LOL, Marina - you figure out a way to stop it, sell your idea or product, and you will make your fortune! :biggrin1: I think a good number of us would pay to 'stop' the process known as blowing coat. It stops when it is good and ready, from all accounts.  In the meantime, we suck it up and deal with it, I guess. There are probably a number of us going through it right now. If I remember correctly, Roki is around the same age as Finn, who will be 1 on March 6, and there were several in this age group. I think it is when the adolescent or adult hair starts coming in and tangles with the baby hair? And, depending on the texture of the hair, some mat worse than others. Augie's hair is a lot more glassy than Finn's and his didn't mat as badly (or, like childbirth, I have forgotten until I am going through it again!). I do remember Augie matting quite horribly in his jowl area and around his feet. And it did seem to happen overnight. I also remember Augie's breeder telling us that the white and lighter dogs matted worse than the black ones. That does seem to be the case in our house. 

We went through a couple of weeks with a lot of matting around Finn's ears and front of his shoulders. Those areas seem to be better now, but his fanny and flank areas - what a mess. Oh, and his stomach. I haven't noticed anything along the spine yet, so that is probably still coming. I am also convinced that the dog stressing while being groomed does NOT help when they are blowing coat, although Finn has been doing some better with that the last day or two. Not struggling as bad or panting as much. And, as some others have mentioned on other threads, it seemed to be worse the day following his bath. Two days after the bath, it combed out easier and the cornstarch seemed to help a lot. 

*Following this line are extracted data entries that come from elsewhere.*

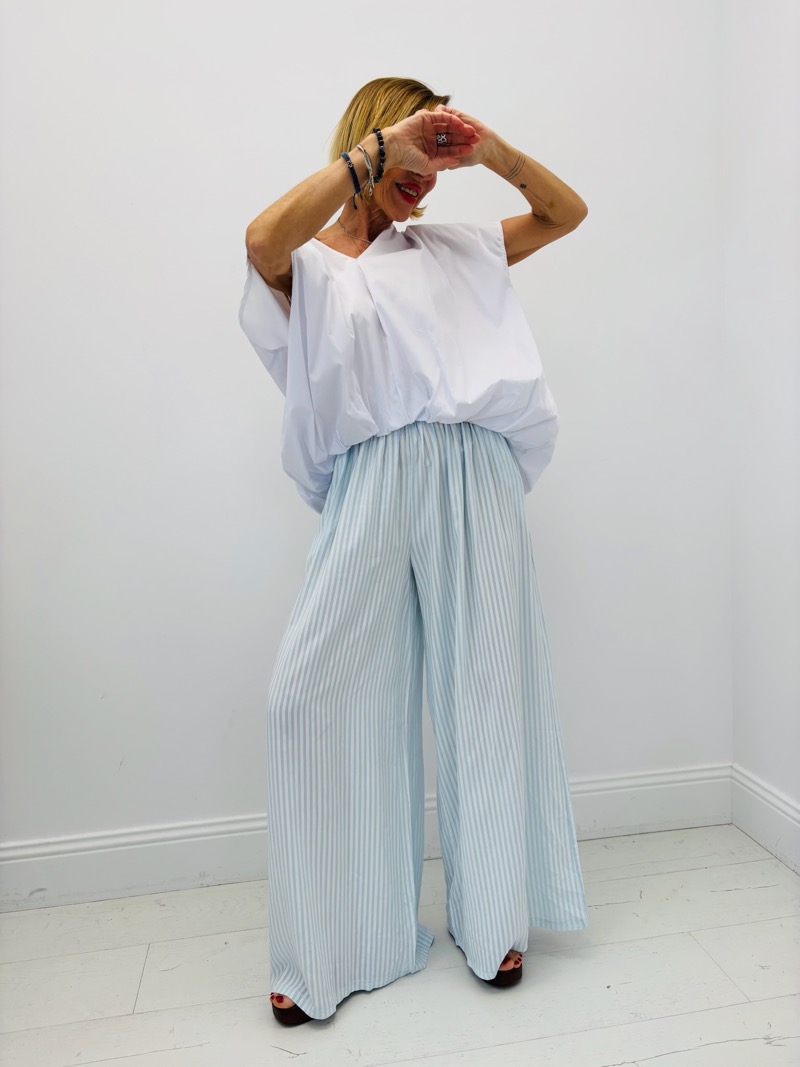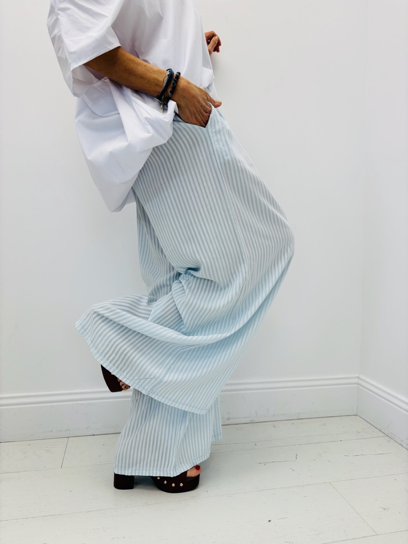 Découvrez le confort et la légèreté de notre pantalon fluide rayé, idéal pour une allure décontractée et stylée. Sa coupe ample et ses motifs rayés apportent une touche moderne à votre tenue.
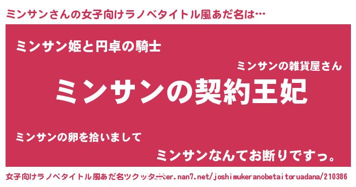 | 胡散臭い通販商品みたいなあだ名 | 『来世でも幸せになれる水素水…その名も「ミンサン」』 |
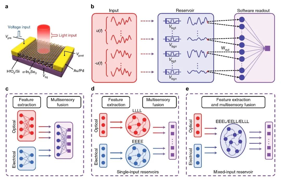 图1. α-In2Se3光电忆阻器与多模态、多尺度储备池计算
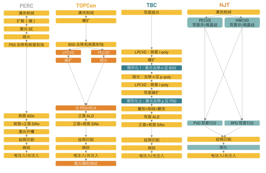 Solarzellen sind ein zentraler Bestandteil der Photovoltaik-Industriekette, und ihr Umwandlungswirkungsgrad wirkt sich direkt auf die Stromerzeugungsleistung von Photovoltaikanlagen aus. Zu den wichtigsten Solarzellentechnologien auf dem Markt zählen derzeit PERC, TOPCon, HJT und xBC. Die theoretischen Obergrenzen des Umwandlungswirkungsgrads variieren je nach Technologiepfad: PERC liegt bei 24,5 %, TOPCon bei 28,7 %, HJT bei 28,5 % und xBC bei 29,1 %. In der Massenproduktion liegt der Umwandlungswirkungsgrad bei PERC bei ca. 24 %, TOPCon bei ca. 26 %, HJT bei ca. 26 % und xBC bei ca. 27 %.
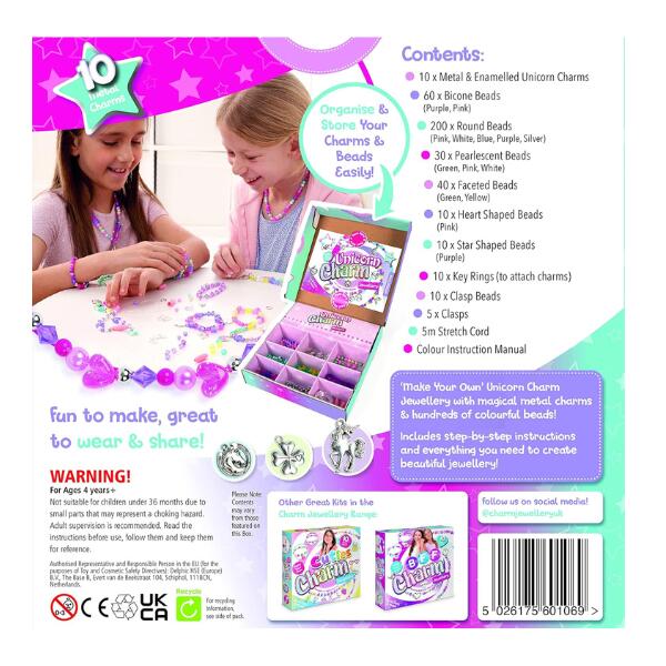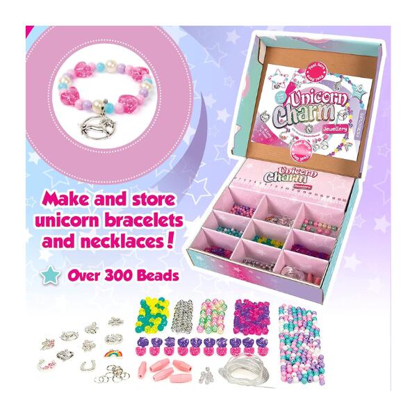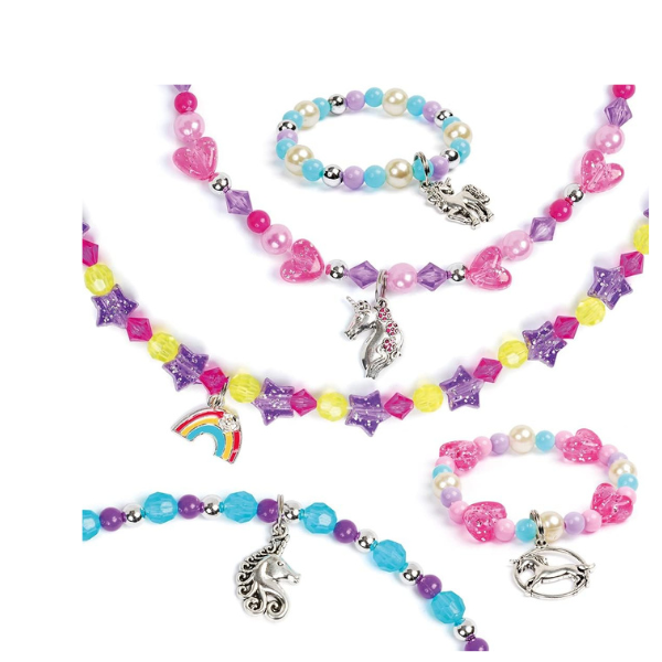 Introducing the Unicorn Charm Jewellery Set, Thread together beautiful charms and sparkling beads to create 10 pieces of delightful ‘Unicorn’ inspired jewellery.
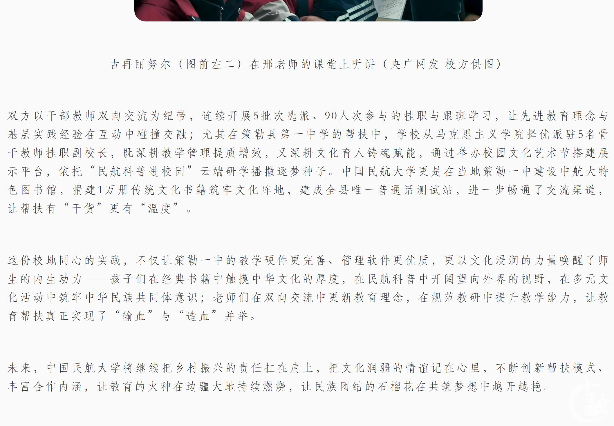 这份校地同心的实践,不仅让策勒一中的教学硬件更完善、管理软件更优质,更以文化浸润的力量唤醒了师生的内生动力——孩子们在经典书籍中触摸中华文化的厚度,在民航科普中开阔望向外界的视野,在多元文化活动中铸牢中华民族共同体意识;老师们在双向交流中更新教育理念,在规范教研中提升教学能力,让教育帮扶真正实现了“输血”与“造血”并举。
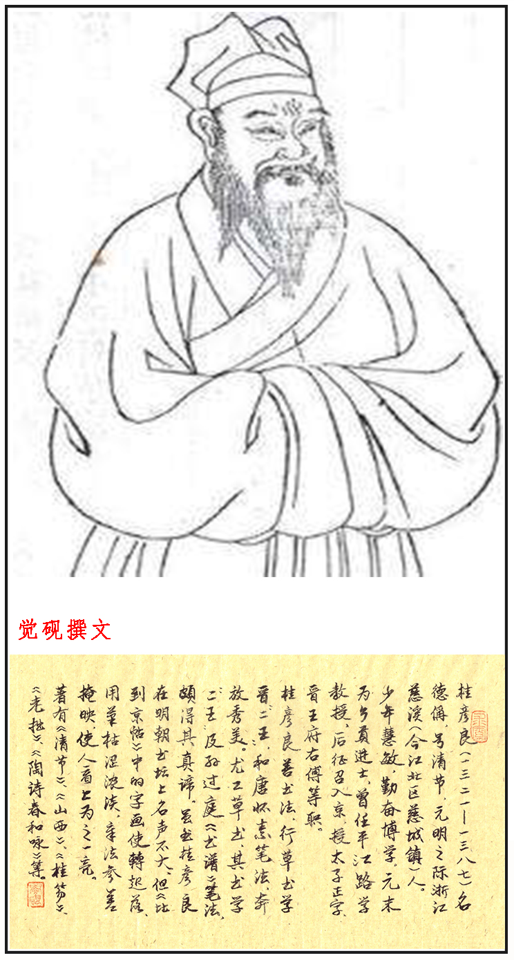 桂彦良(1321-1387),名德偁,号清节,元明之际浙江慈溪(今江北区慈城镇)人。少年慧敏,勤奋博学。元末为乡贡进士,曾任平江路学教授,观世不可为,遂东归,放情山水间,肆为诗古文。张士诚、方国珍争相聘请,均不就。洪武六年(1373)应征召入京,授太子正字,在文华堂为太子以下多位青年官员讲学,以孔孟圣学为本,汇聚历代治政之精华,联系明代国情之实际,解当务之急。两年后,学生中有七八人擢为行省参政,八人为按察检事,十九人出任知府,其余皆授御史。朱元璋也时有咨询,彦良所对,帝每称善,书其语揭便殿,曾呼“老桂”而不名。
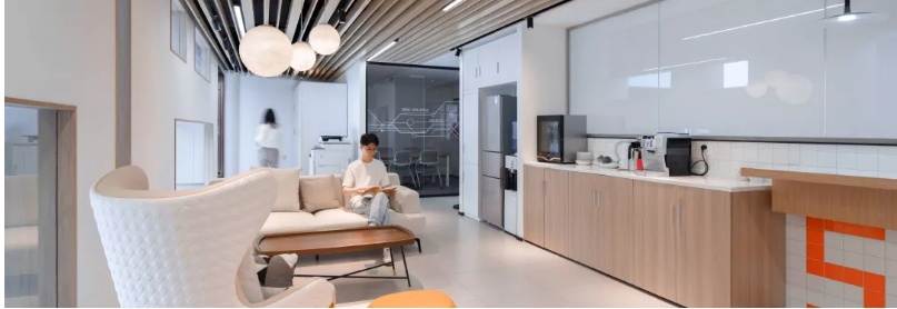 开放式的交谈区萦绕中庭,让人与人之间的连接变得随时随地。忙碌的创客可以在这里享受片刻宁静,也可以与行业知己、工作伙伴畅谈一番。
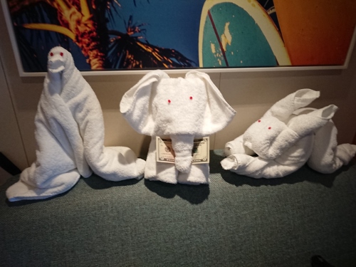チップを払う必要はありませんが、特別にタオルアートをして下さった船室係の方に、
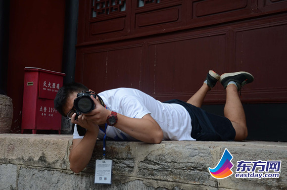 张琮脯趴在地上取景
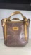 - P.S. exterior canvas is showing light scratches/scuff lines, tan leather trim has some marks/darkness, the crossbody strap is MISSING, silver-tone hardware is light scratches, stains/marks on interior (please see all photos as part of description)
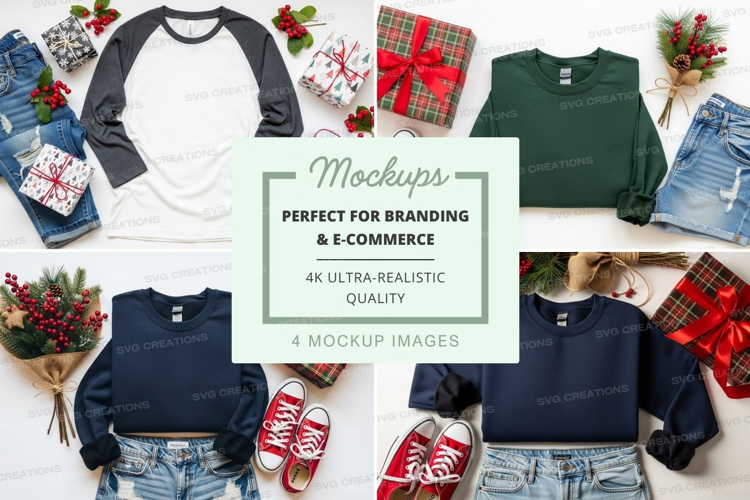 Holiday Christmas Mockup Apparel Jeans Slippers Decorations Sweatshirts
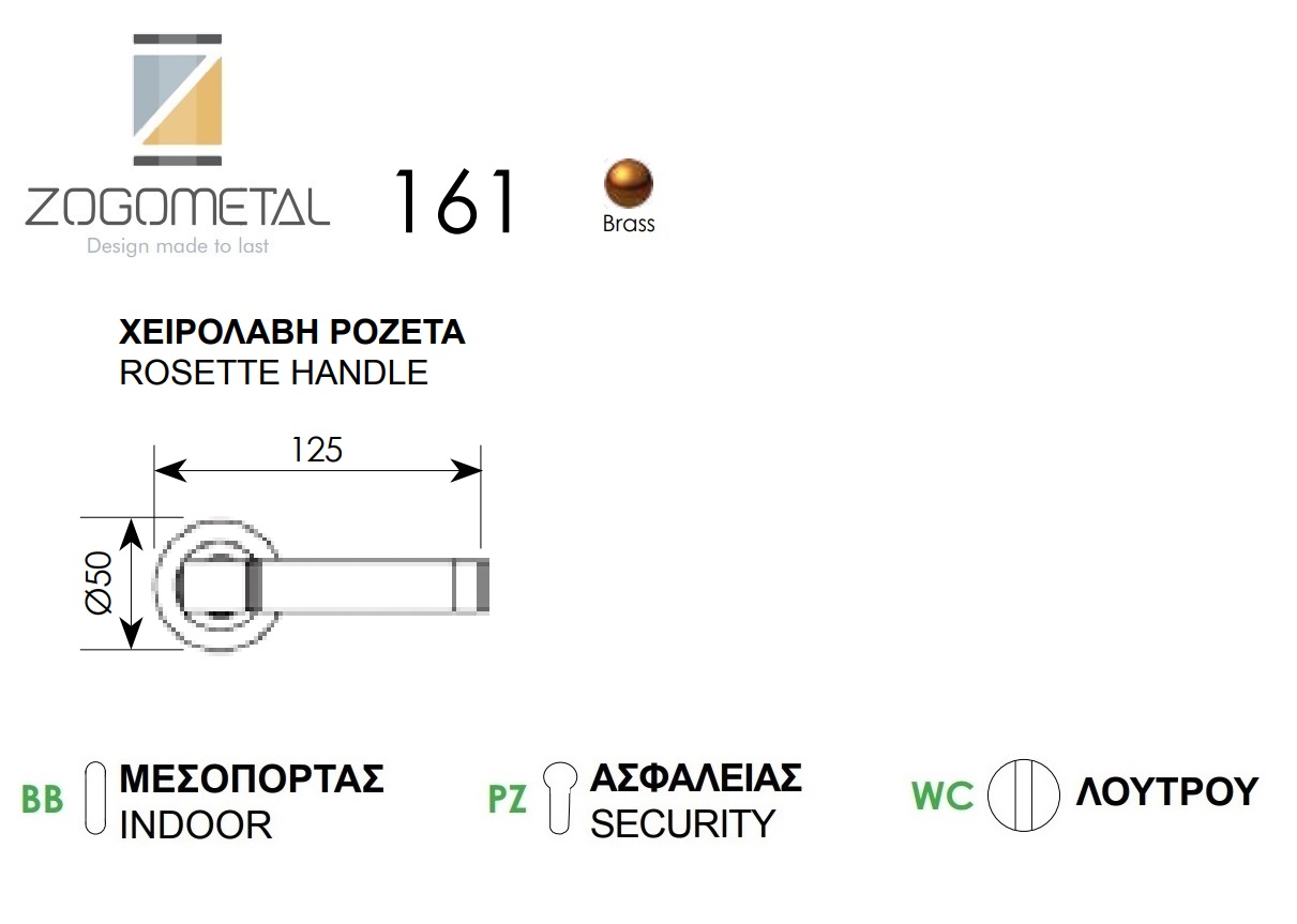 Ορειχάλκινα Πόμολα Πόρτας Χειρολαβή Με Ροζέτα Ζωγομετάλ 161 Ορο Ματ-Ορο
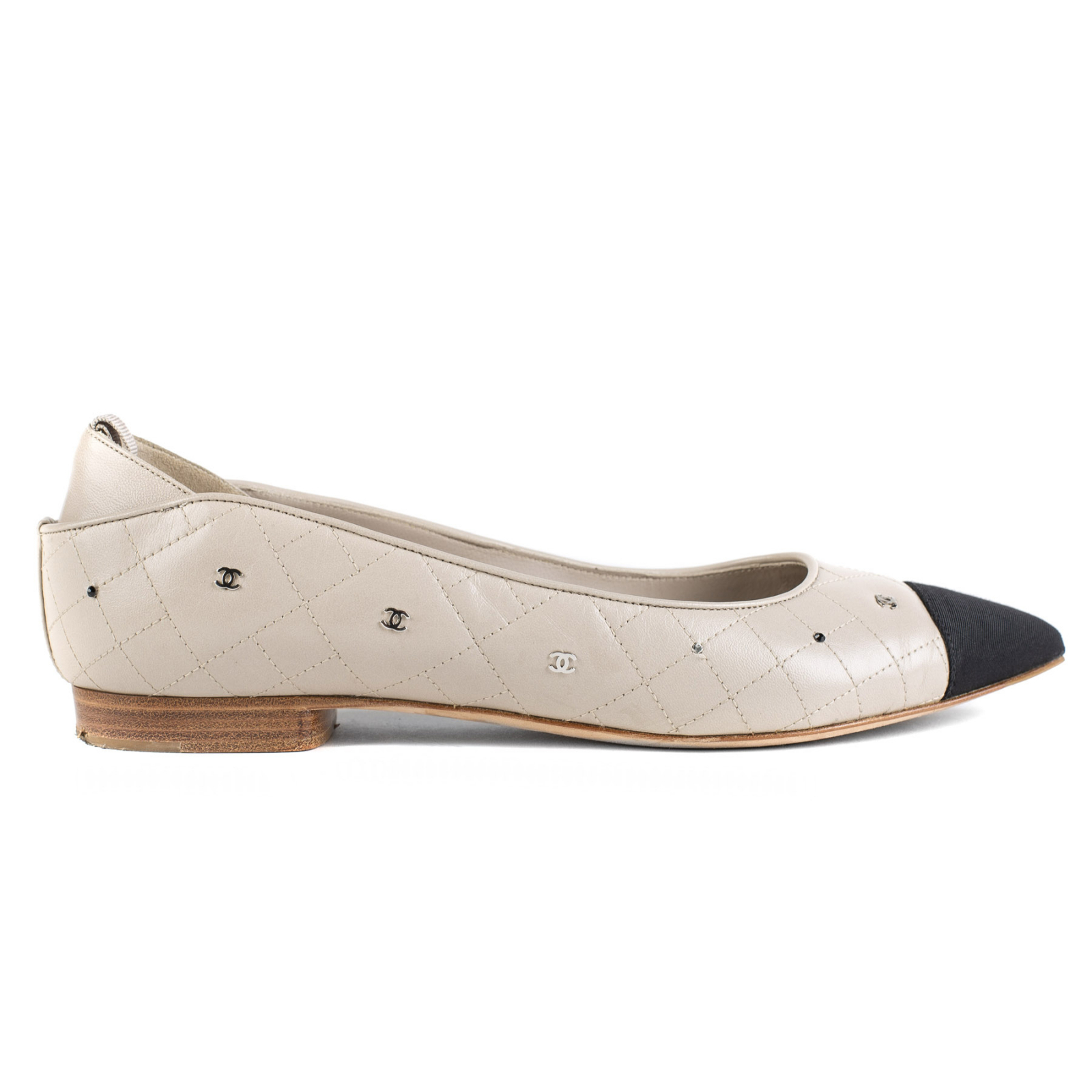 "Beżowe baleriny Chanel z czarnym czubkiem. Stan bardzo dobry - ubrane kilka razy. Srebrne znaczki, rozmiar 37,5."
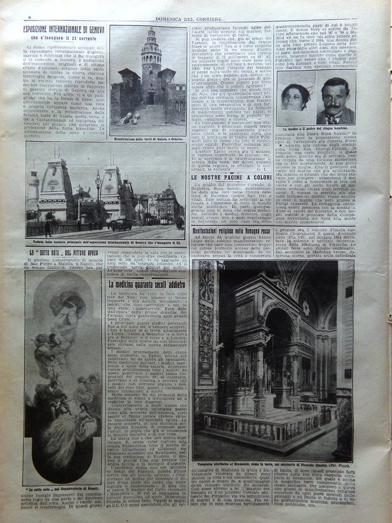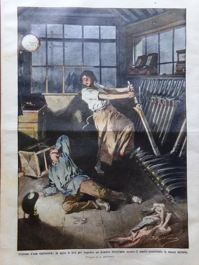 LA DOMENICA DEL CORRIERE Rivista Originale del 24 Maggio 1914 Anno 16 nr. 21 pagine: 16 dimensioni: 38 x 28 cm IN PRIMA PAGINA: Un caso forse unico al mondo: donna siciliana che nell'ospedale di Palermo da alla luce cinque bambini vivi e vitali (Achille Beltrame) NELL'ULTIMA PAGINA: Eroismo di una cantoniera: fa agire le leve per impedire un disastro ferroviario mentre il marito assassinato le muore accanto (Achille Beltrame) ALL'INTERNO: Impressioni del parziale ma violento terremoto presso Catania Manifestazioni religiose nella Romagna rossa L'esposizione internazionale di Genova L'emigrazione negli Stati uniti Cerimonie e credenze popolari a Molfetta Luoghi, costumi e persone in Libia CONDIZIONI DELLA RIVISTA: BUONE, NORMALI SEGNI DEL TEMPO, SOVRACOPERTINE MANCANTI NOTE PARTICOLARI: PICCOLISSIMI STRAPPETTI NEI BORDI IN ALCUNE PAGINE

Do you use a conditioner as well as the IOD Evening Primrose shampoo and grooming spray, Marina?


----------



## The Laughing Magpie (Aug 20, 2009)

One of the products I use if one of my dogs has more tangling/matting then usual is "Ultimate Detangling Spray" by Crown Royale, I spray after the final rinse, let them set in the tub for 3 to 5 mins., then after I blot them I brush them out and spot spray the matted areas. I always brush them out before a bath but, if they have been scratching, tracking, or been boarded with the Vet for a week, they have extra matts. I always use corn starch for mats when I dry brush been using for year.


----------



## rokipiki (Oct 15, 2010)

Yes I use Heavy management IOD conditoner (diluted in water 1:10). I bathe him in shampoo (10 mins), rinse, put conditioner, rinse, towel him, spray IOD Isle Strengthen spray and blow dry (he really hates that). I use evening primrose spray for daily brushing! 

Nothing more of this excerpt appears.